* [Task to carry out]: For the records below, output word for word the lines from the one with "Ein Lagerfeuer im" up to and including the one with "- Barr cniotáilte". No pictures.

* [Extracted data entries]:

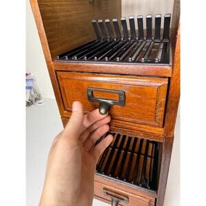Vintage Library Card Catalog Pair Set Lot Of 2, Stackable Wood Brass Cabinet
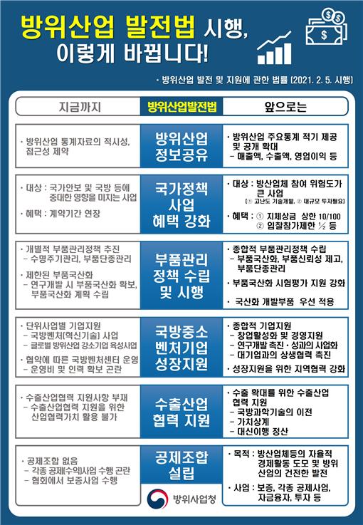 2월 5일부터 시행되는 「방위산업발전법」 및 관련 하위법령의 주요 내용으로는 방위산업 국가정책사업 지정, 수출촉진, 선제적 부품개발 확대, 공제조합 신설, 방산기업 지원 확대 등이 있다.
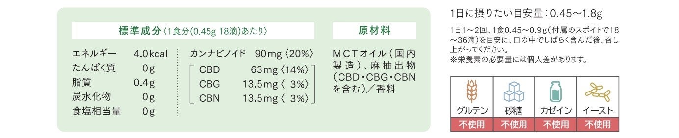 『CBDオイル20』は「CBD」14%のほか、植物にわずかしか含まれない希少な成分「CBG(カンナビゲロール)」と「CBN(カンナビノール)」を3%ずつ組み合わせ、合計20%のカンナビノイド成分を配合しています。
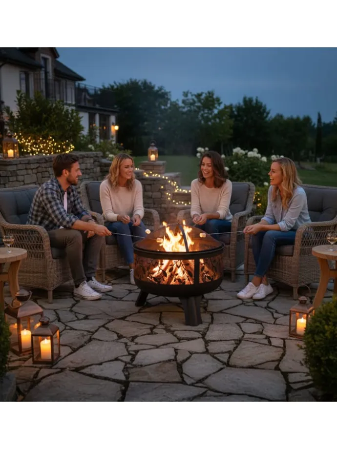 Ein Lagerfeuer im Garten, Marshmallows und Stockbrot rösten und das Knistern der Flammen genießen – mit dieser Feuerschale holen Sie sich den Traum vom eigenen Lagerfeuer nachhause. Die schöne Feuerstelle eignet sich für die Terrasse und den Garten und die hohen Füße schützen Ihren Rasen vor allzu großer Hitze. Der Funkenschutz schränkt die Höhe der Flammen und den Funkenflug ein und schützt so die Umgebung. Für ein loderndes Feuer sind Schürhaken und ein Feuerrost für Luftzirkulation mit dabei.
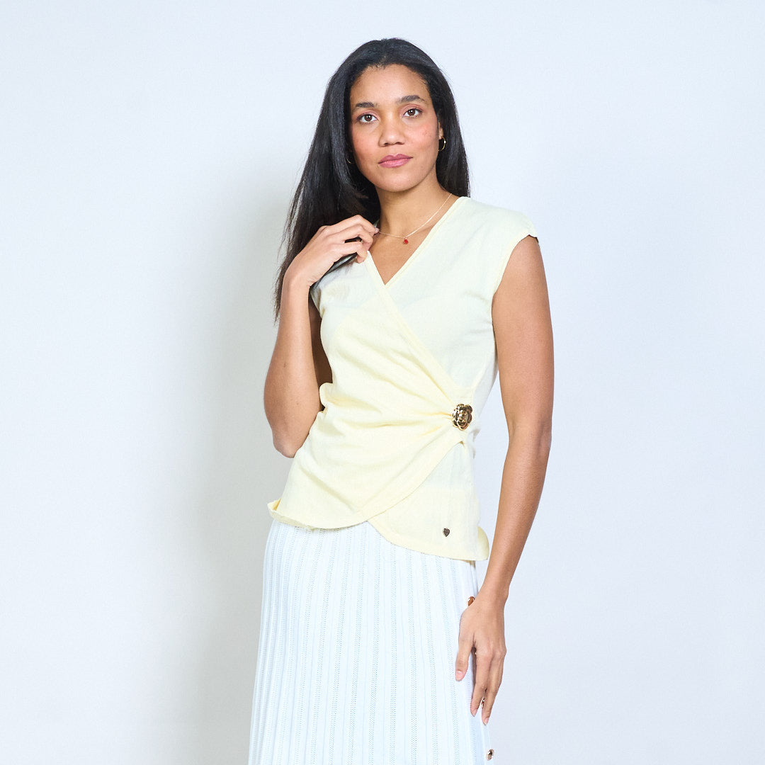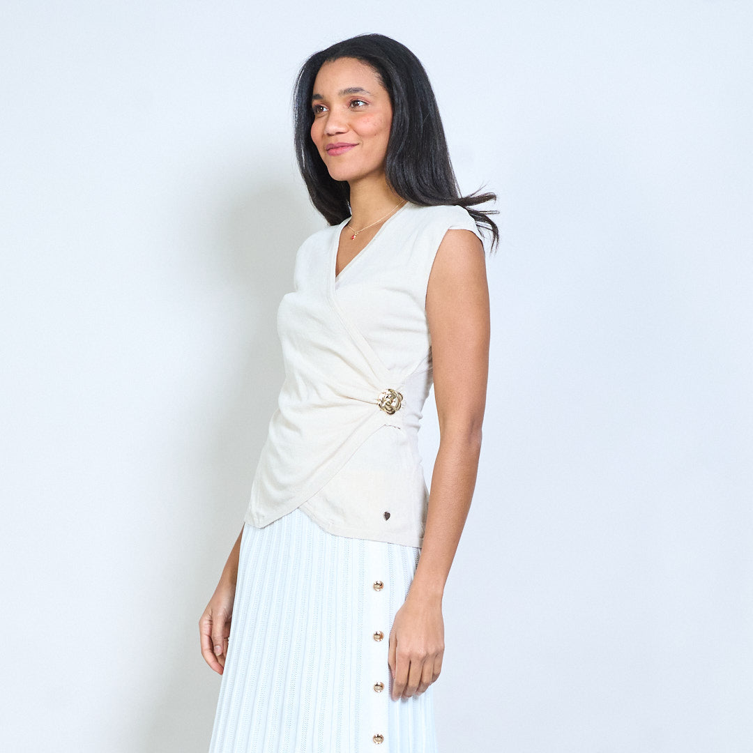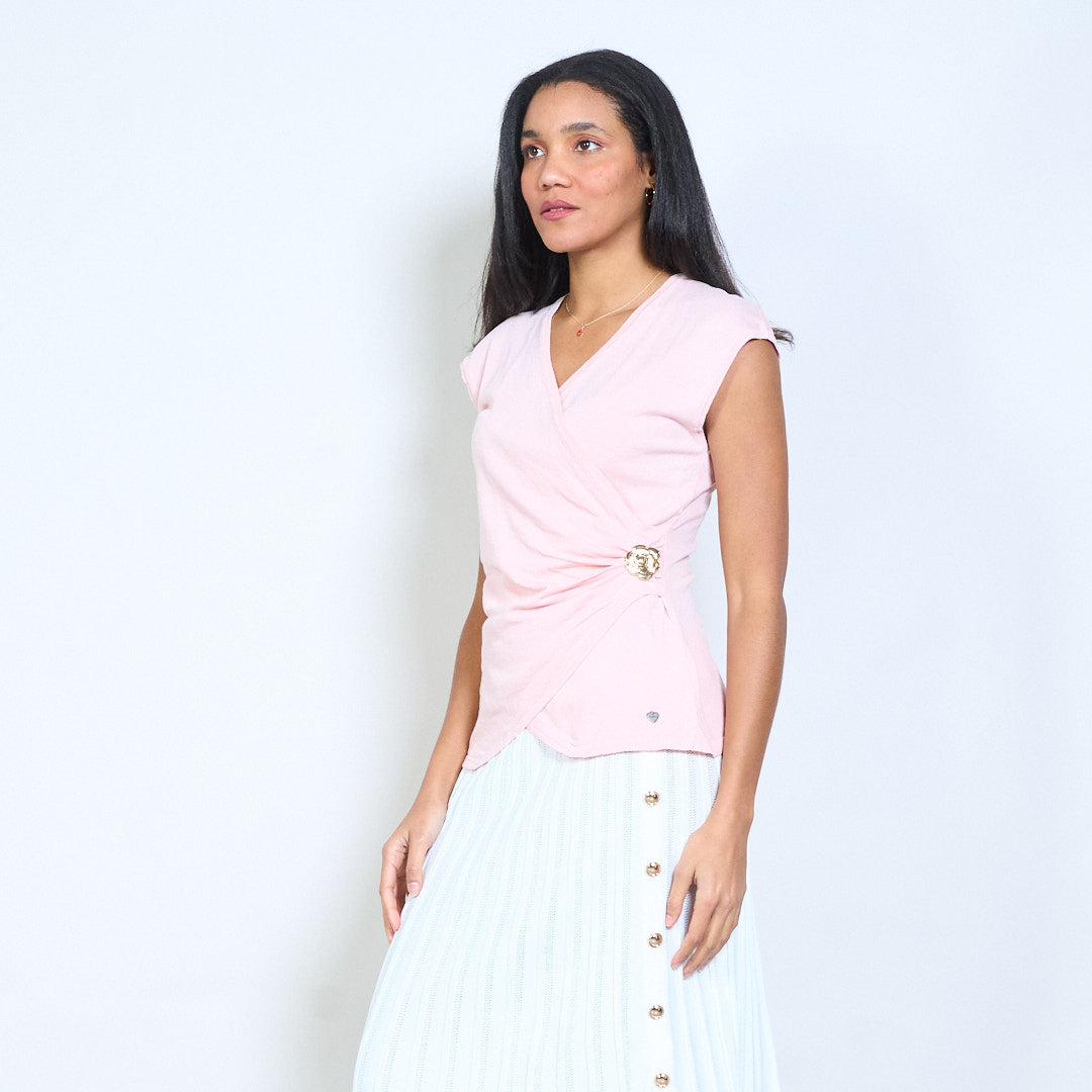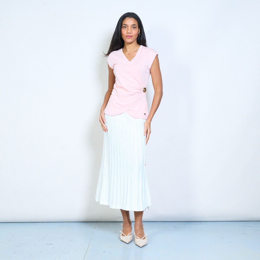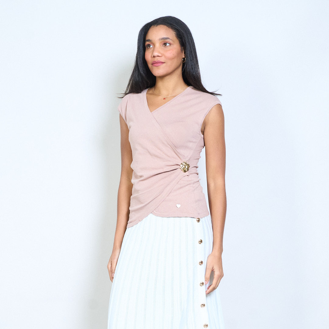 - Barr cniotáilte deartha le tosaigh fillte-stíl agus neckline V domhain
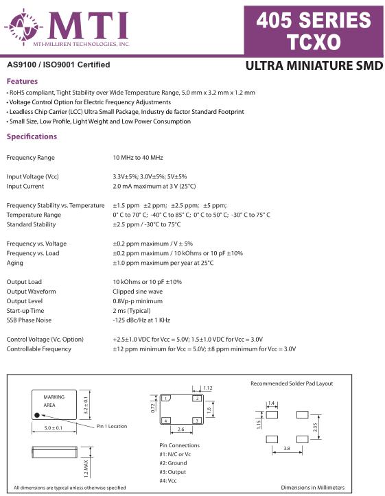 MTI晶振,405晶振,5032mm晶振,5032mm體積的石英晶體振蕩器,有源晶振,該產(chǎn)品可驅(qū)動(dòng)2.5V的溫補(bǔ)晶振,壓控晶振,VC-TCXO晶體振蕩器產(chǎn)品,電源電壓的低電耗型,編帶包裝方式,可對(duì)應(yīng)自動(dòng)高速貼片機(jī)自動(dòng)焊接,及IR回流焊接(無鉛對(duì)應(yīng)),為無鉛產(chǎn)品,超小型,質(zhì)地輕.產(chǎn)品被廣泛應(yīng)用到集成電路,程控交換系統(tǒng),無線發(fā)射基站.
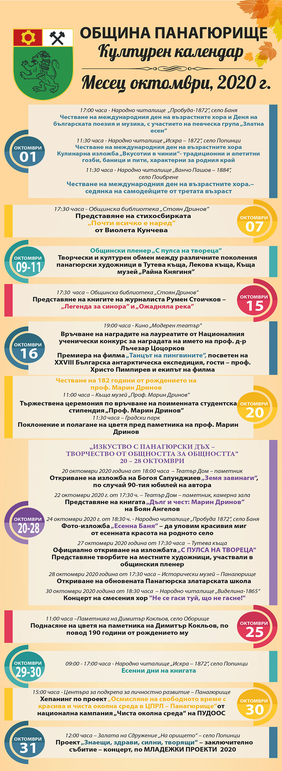 Община Панагюрище представя календар на културните събития за месец октомври, с желанието за подем на духовния живот в родния ни край.
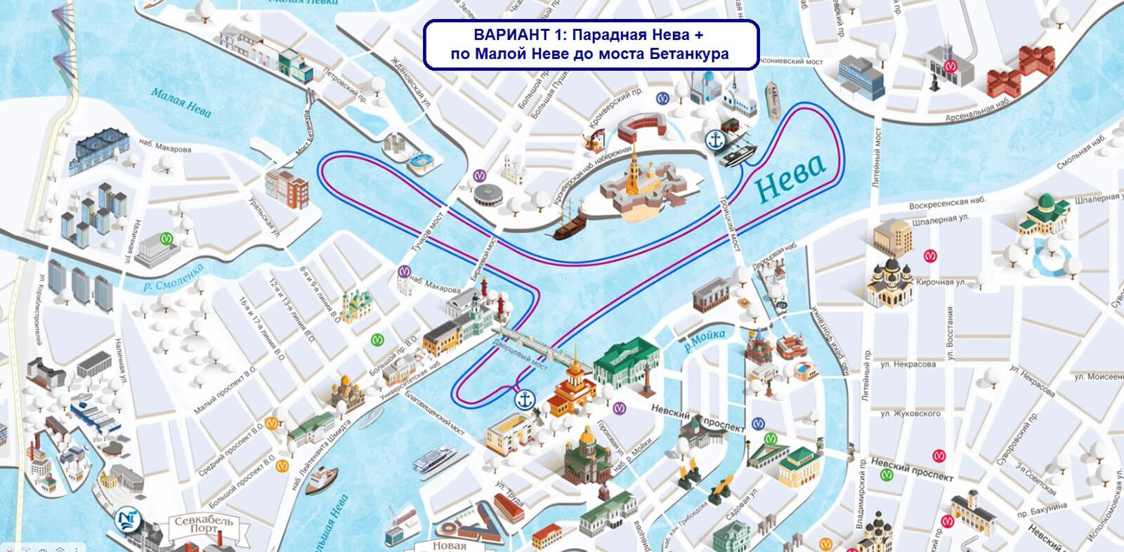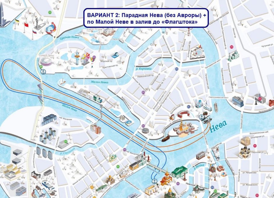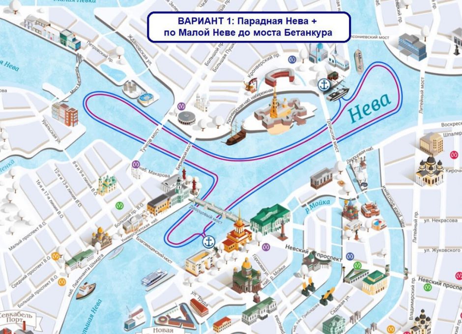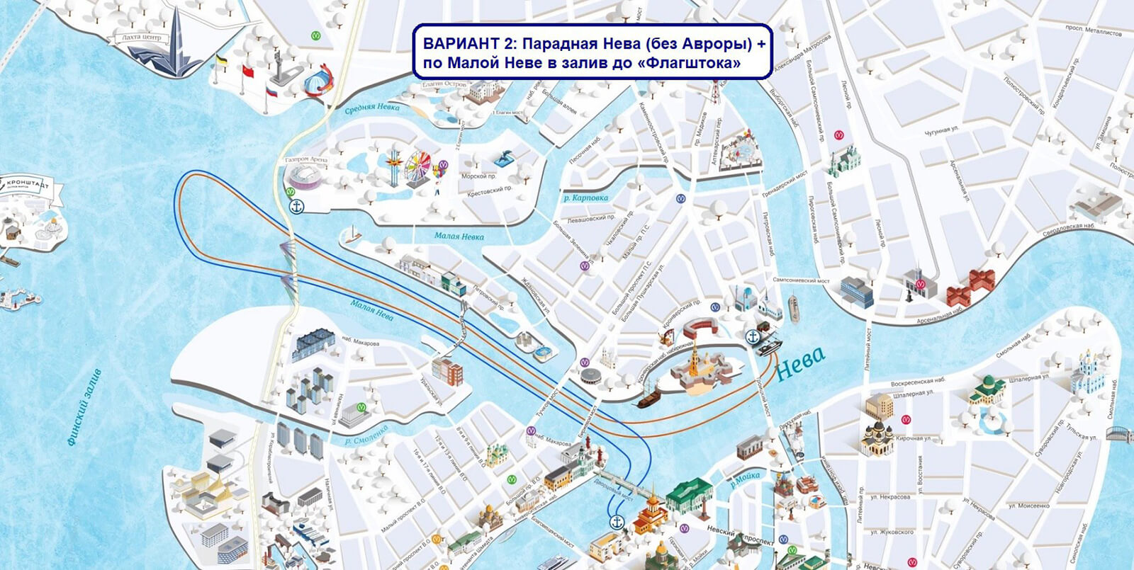 Если есть нарушения в ледовом покрытии, то по Малой Неве до моста Бетанкура + Парадная часть города (фотоостановка в центре).
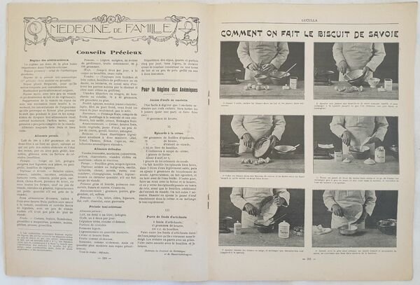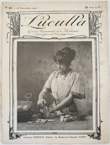 Numero del 15 novembre 1912 di questa rivista gastronomica francese "Luculla". All'interno: lista dei negozi di alimentari, tantissime ricette salate e dolci (patate Alonzo, Uova Missette, Canape, Sardine salsa mostarda, Anguilla, Filetti di sogliola Marguery, Entrecote alla marsigliese, Sella d'agnello ai legumi, Rognoni di montone allo champagne, pollo, coniglio solognote, fagiano al salmi, souffle alle patate, patate Allerton, riso all'inglese, flan al latte, omelette inglese) ricetta fotografica dei boscotti Savoia, , fragole, ricette per gli anemici ecc. Numerose illustrazioni e foto d'epoca, pubblicita d'epoca. Copertina editoriale in discrete condizioni con usure ai margini e dorso. Strappo orizzontale. Legatura in buone condizioni. Pagine in buone condizioni con fioriture. In 4. cm. 31x23. Pp. da 201 a 220+(4). Number of the 15th of november 1912 of this french gastronomic magazine "Luculla". Inside: list of food shop, many recipes also of sweets (patate Alonzo, Uova Missette, Canape, Sardine salsa mostarda, Anguilla, Filetti di sogliola Marguery, Entrecote alla marsigliese, Sella d'agnello ai legumi, Rognoni di montone allo champagne, pollo, coniglio solognote, fagiano al salmi, souffle alle patate, patate Allerton, riso all'inglese, flan al latte, omelette inglese) photographed recipe of Sovoy biscuit, recipes for anemic ecc. Different illustrations and photos, advertisings. Editorial cover in fair conditions lightly worn in the extremities. Horizontal tear. Binding in good conditions. Pages in good conditions with foxing. In 4. cm. 30,5x23. Pp.from 201 to 220+(4).
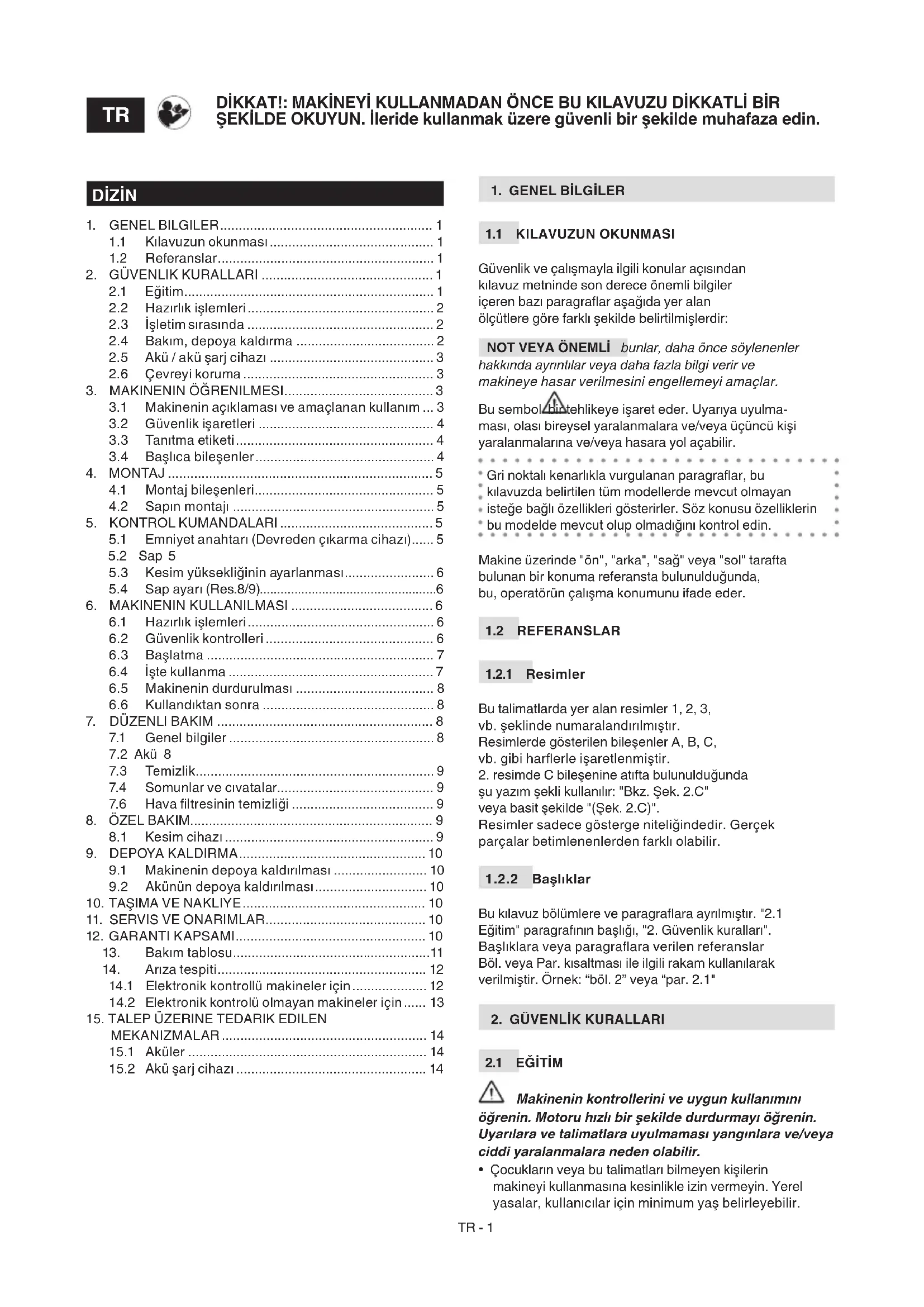 - Makineyi asla parçaları aşınmış veya hasar görmüş haldeyken kullanmayın. Arızalı veya aşınmış parçalar daima değiştirilmeli, kesinlikle onarılmamalıdır.TR - 3
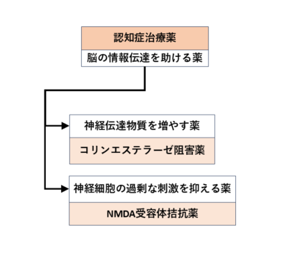 認知症治療薬には、アリセプトなどのコリンエステラーゼ阻害薬と、メマリーがある。

* [Reply]:
 Ein Lagerfeuer im Garten, Marshmallows und Stockbrot rösten und das Knistern der Flammen genießen – mit dieser Feuerschale holen Sie sich den Traum vom eigenen Lagerfeuer nachhause. Die schöne Feuerstelle eignet sich für die Terrasse und den Garten und die hohen Füße schützen Ihren Rasen vor allzu großer Hitze. Der Funkenschutz schränkt die Höhe der Flammen und den Funkenflug ein und schützt so die Umgebung. Für ein loderndes Feuer sind Schürhaken und ein Feuerrost für Luftzirkulation mit dabei.
 - Barr cniotáilte deartha le tosaigh fillte-stíl agus neckline V domhain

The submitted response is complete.